It's probably not an accident that the most pervasive use of them is in the zombie apocalypse -- that is, an SF veneer to a magical notion. (More medieval European vampire than Haitian zombie, but still definitely magic.)
And I say this despite using it as a device myself. A Diabolic Bargain features the white sickness early in the book, for many consequences in the plot, but not the main event. It begins with the villain deciding to exploit it as a cover for his plans, and ties in other things later.
More extensive is Connie Willis's Doomsday Book, where, despite the time-travel and associated issues that naturally tie into such plots, is heavily about day-to-day life in an epidemic. A slice-of-life in epidemic is a kind of genre, however necessarily limited in scope.
It's also big in Illuminae by Amie Kaufman and Jay Kristoff.

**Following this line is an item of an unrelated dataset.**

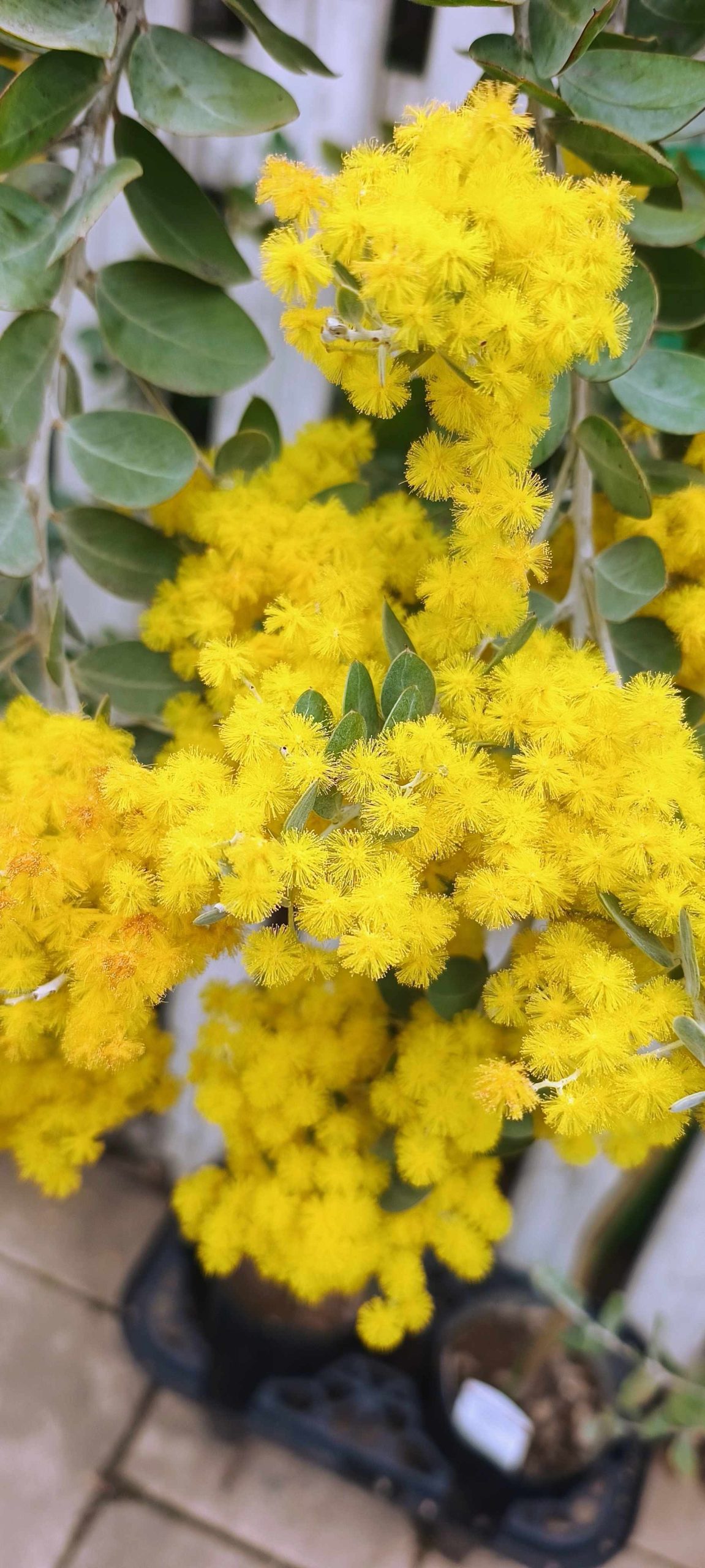 青空に映えるミモザが本当に綺麗で、しばらく時間を忘れて見入ってしまいました。

The plot of "fleeing a dangerous enemy" is greatly complicated by the disease and the issues of dealing with it when in a few spaceships. Quarantine is a big part -- another plot device, though requiring a certain level of tech/magic to make it a reasonable plot.
It can feature in a smaller role, of course. Plagues, as well as floods and famine, can be an excellent disaster to motivate a quest for the magical MacGuffin that can stop them. It produces changes when the refugees come from a disease-laden area, although not quite so much as it might seem at first, because even those coming from war, fire, earthquake, famine, or flood may be a dangerous burden to the place where they arrive. The All-Of-A-Kind family had a background of a polio epidemic when one character got polio. There is a Conan the Barbarian story where the villain's evil wizard produces a plague culminating in the death of the king and all his sons, characterized by rumor as divine retribution, and Tanith Lee wrote a sword and sorcery tale where the plague, killing the king among others, was divine retribution, from a fairly demoniac god, but in both plots the chief effect is to kill the king and so allow someone else to claim the throne.